Next, the discriminative accuracy across participants in study 2 was quantitatively compared to the one in Study 2 for the 18 emotions that were included in both studies (all emotions of Study 1 except hurt and worry). These analyses revealed a very similar degree of accuracy in both studies (Study 1: pre-diary r = .39; post-diary r = .58; Study 2: second pre-diary r = .36; post-diary r = .58), which did not differ significantly from each other ts < 1.50, ps > .20. Furthermore, it was explored whether emotions that revealed high discriminative accuracy across participants in one study, also revealed high discriminative accuracy across participants in the other study; this was, however, not true (pre-diary r = .09, post-diary r = .22, both ps > .10). Therefore, at present it is not possible to recommend emotions that guarantee a high degree of discriminative accuracy across participants.
As in Study 1, the specificity of the frequency judgments was investigated in that the correlation between the actual frequencies of an emotion with the frequency judgment of this emotion was compared to the correlations with the frequency judgments of all other 33 emotions. Specificity was established if the correlation with the same emotion was higher than any of the other 33 correlations. For the post-diary estimates this was the case for all emotions except discontentment (see Appendix 6). However, for the two pre-diary estimates, only about half of the emotions revealed specificity (1st pre-diary estimates N = 16, 2nd pre-diary estimates N = 15 out of 34). Although this number is still significantly different from chance (expected value N = 1, both χ2s > 200, ps < .01), it indicates lower specificity for the pre-diary estimates.
A similar effect had not been observed in Study 1. A possible explanation for this difference could be that Study 1 included more similar emotions. Another explanation would be the longer delay between pre-diary ratings and the assessment of the actual frequencies, which renders it more likely that the actual frequencies changed between the time periods covered by the pre-diary judgments and the time period during which the actual frequencies were assessed.
In sum, Study 2 closely replicated the findings of Study 1 that frequency judgments of emotions possess moderate discriminative accuracy across participants. The size of the correlations between pre-diary and post-diary estimates with actual frequencies was very similar in both studies in the range from r = .30 to r = .60. Furthermore, frequency judgments of emotions in Study 2 were quite often specific for each emotion, indicating that the respondents used different information for frequency judgments of each emotion. As in Study 1, this finding demonstrates that discriminative accuracy across participants is not due to response sets.
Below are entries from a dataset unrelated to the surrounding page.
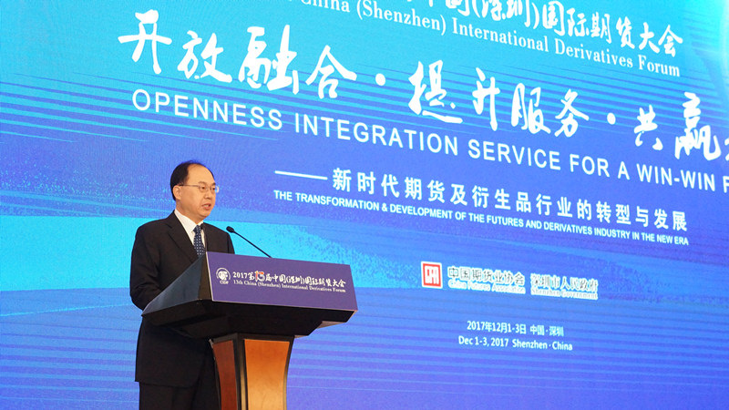 中國期貨業(yè)協(xié)會(huì)會(huì)長王明偉主持大會(huì)
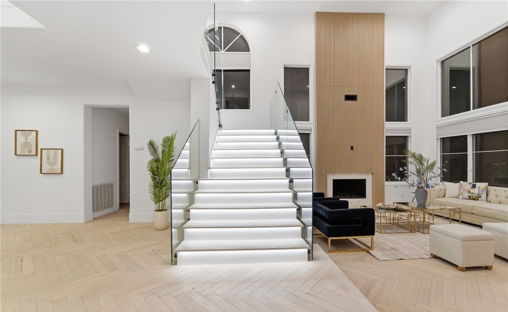 A stunning multi-level open-concept space featuring a sculptural white marble staircase with black metal railings as the architectural centerpiece, flanked by floor-to-ceiling windows and a warm wood-clad accent column. The expansive herringbone hardwood flooring, clean white walls, minimal furnishings, and abundant natural light create a sophisticated yet airy atmosphere that seamlessly integrates the staircase with the adjoining living area.
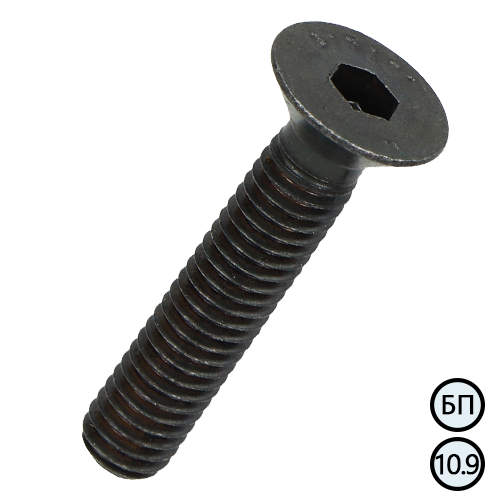 популярний вид продукції, який дозволяє виконати з’єднання не тільки надійним та міцним, а ще й естетично красивим за рахунок потайної головки, яка “ховається”, втоплюється в матеріал. Має шліц у вигляді внутрішнього шестигранника (INBUS), виконаний з високоміцної сталі у класі міцності 10,9.
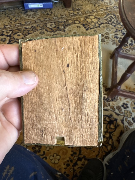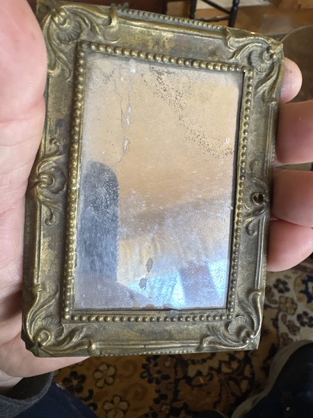 You don’t see this stuff much anymore. This is a pressed out brass frame traveling mirror original wood back just as the period 18th century frames were made . Look close at the age and condition untouched and only measuring 4 by 3 inches original mirror intacted .
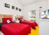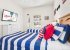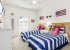 Bedrooms 3 & 4 each have 2 twin beds with a closet, dresser with television. Both bedrooms share a nearby family bathroom with a combi shower-tub , single vanity sink and toilet, with a rear door leading to the pool.
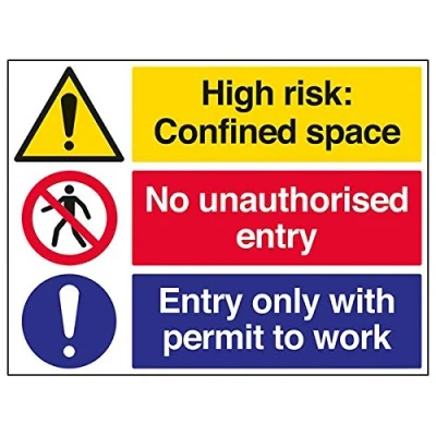 Helps to fulfil legal obligations to inform employees, visitors and the general public of potential hazards as per Health and Safety (Safety Signs & Signals) Regulations 1996 Conforms to EN ISO 7010:2012 - Warning signs feature a triangular symbol with a black pictogram and yellow background occupying at least 50% of the total sign area Landscape Orientation. Sign reads "High Risk: Confined Space. No Unauthorised Entry. Entry Only With Permit To Work" Highly durable 1mm plastic material and screen printed message will stand the test of time Sign measures 600 x 450mm.
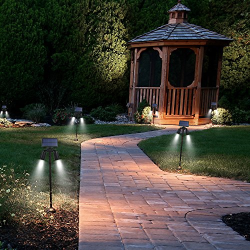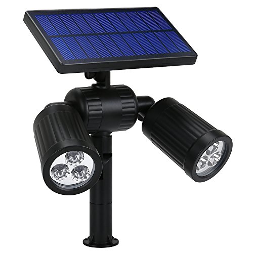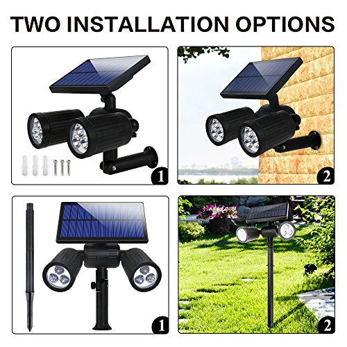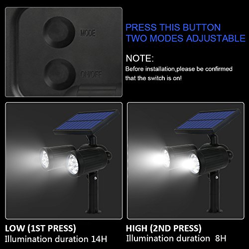 - Upgraded Solar Spotlights: With two lighting modes, 6 LED super bright bulbs, the outdoor solar light can produce 350lumens max lighting. Enhanced with IP65 waterproof and heatproof, the landscape light is a must have for your patio deck and garden.
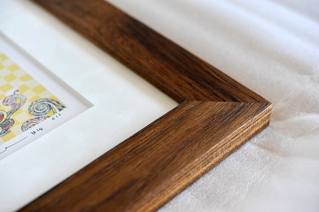 今回の額縁 TEAKは、マホガニーと並ぶ優良高級材として様々な用途に用いられる銘木のチーク材を使用しており、材質は堅く強靭で耐久性があり、病害虫にも強く、天然の油成分があって、オイルやニスで手入れをしなくても耐久性があります。

4.2.3 Exploration of Mood- and Personality-Congruent Biases
The analysis follows closely the procedure in Study 1. First, the 10 specific mood dimensions of the BASTI were submitted to a factor analysis and the factor scores of the first two unrotated factors were retained for further analyses. Replicating Study 1, the factor scores of the first factor were highly negatively correlated with the directly measured pleasure-displeasure dimension (r = -.81, p < .01), and the factor scores of the second factor were moderately correlated with the directly measured arousal dimension (r = .52, p < .01). To facilitate the interpretation, the factor scores of the first factor were inverted so that positive values indicate pleasure. The frequency estimates of pleasant and of unpleasant emotions were averaged to reduce the number of analyses. Emotion words denoting “mixed feelings” (e.g., sympathy) were dropped at this step. Next, multiple regression analyses were carried out, in which the post-diary vague quantifier ratings were regressed onto the actual frequencies of emotions, neuroticism, extraversion, current pleasure, and current arousal. Table 10 shows that the actual frequencies of emotions were the best predictor. The only additional significant effect was that current arousal predicted frequency estimates of pleasant emotions. However, current arousal did not predict vague quantifier ratings of pleasant emotions in Study 1; although it predicted absolute estimates. Similarly, Study 2 did not replicate the personality-congruency effects obtained for vague quantifier ratings in Study 1.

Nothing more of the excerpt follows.